I don't remember the supreme 5000. 
I use to own a Hoyt Spectra 5000 from the late eighties. This bow had hoyt's tri-draw wheels with the tear drop cables and I believe hoyt may have put the fast flite aim system on the later spectra models.


----------



## dtol (Dec 23, 2009)

*You are correct*



jmoose77 said:


> I don't remember the supreme 5000.
> I use to own a Hoyt Spectra 5000 from the late eighties. This bow had hoyt's tri-draw wheels with the tear drop cables and I believe hoyt may have put the fast flite aim system on the later spectra models.


You are right, it is the spectra. Must have been a senior moment. There were supreme limbs on the super slam that came out in 92. I have one of those too. I changed out the wheels and cables for the fast flight system back in about 1990 but the draw length is now too long for me now. I would like to continue to shoot it so I would like to put a different system on it with the goal of shortening the draw length and getting a better wall. Just don't know what that is yet.


----------



## FS560 (May 22, 2002)

All you have to do is to locate, drill, tap, and install draw stop pegs similar to the one on your spiral X cams on the VE. One on each wheel. You will have a hellacious stop.

If you do not get the stop pegs located exact relative to each other, just wrap tape around one to adjust.

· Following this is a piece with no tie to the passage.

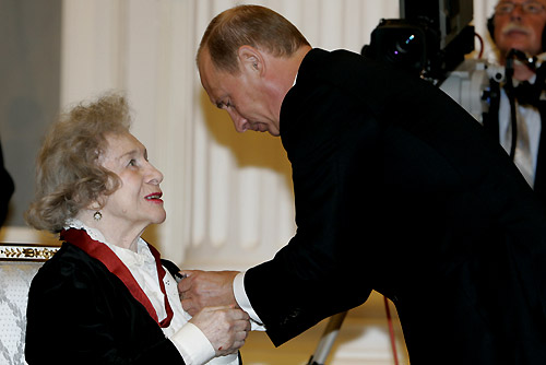 Moscow, the Kremlin. Moscow, the Kremlin. With Olga Lepeshinska.
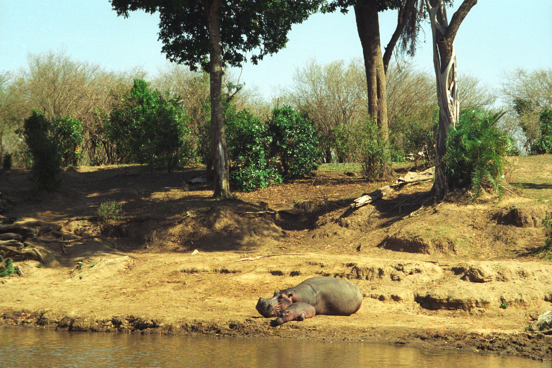 Hippo with puppy, Mara River, Kenya

When we shot wheels like those with no wall, we timed the wheels to be synchronized through the peak of the draw cycle, which is better for tuning and did not have to worry about the non-existant wall. Creep tuning produced no tangible results because it was not necessary.

Now, we have to time the cams so that the wall hit is synchronized and then have to do other things to tune the bow through the peak of the draw cycle.

These are just some of the things to consider when you locate, install, and tune the wall on your Hoyt energy wheels.

OR, if the slot in the limbs is wide enough, get some Barnsdale TriStar triple track 4 cable shoot through energy wheels. They have rotating modules with wall tails.

I have no idea what they will do to your DW range with your current limbs. With five module settings there is a range of string and cable adjustment in concert with module setting that will provide the same draw lengths but with different draw weight ranges.

Remember that, contrary to popular compound bow myth, there is no special wheel or cam position that is required to have a bow "in spec". Different positions simply provide different draw and shot characteristics. With rotating modules, you can almost make the bow do anything you want it to do, if you know how.


----------



## dtol (Dec 23, 2009)

*Thanks*



FS560 said:


> Remember that, contrary to popular compound bow myth, there is no special wheel or cam position that is required to have a bow "in spec". Different positions simply provide different draw and shot characteristics. With rotating modules, you can almost make the bow do anything you want it to do, if you know how.


Thanks for the information. You know I think you are right. I shortened the string by an inch and a half and subsequently the draw lenth so now I pull against a spongy wall. It works somewhat and the bow is still is very consistent and accurate. The 60lb dw max is now down to 47lb dw max. That is just fine though since I only use it for spots. I think I am going to try and seek out a set of those adjustable wheels you specified in your post. Thanks again for sharing you knowlege with me.


----------



## skip5515 (May 30, 2007)

*Hoyt*

PM sent


----------



## FS560 (May 22, 2002)

Sometimes, a spongy wall with a higher holding weight is more controllable than an ultra hard wall with a low holding weight, especially if you pull hard into the wall anyway.

I remember the Spectra bow. It had a grip just like a Jennings T-Star, although the handle was a little light in mass weight. B-Stingers with side rod would probably help that.

About the Barnsdale TriStar wheels, just call Dave Barnsdale at Barnsdale Archery and talk with him.

Since the wheels have a 2.5 inch range of adjustment, it may be possible to get your DL with perhaps a couple or three different string and cable lengths.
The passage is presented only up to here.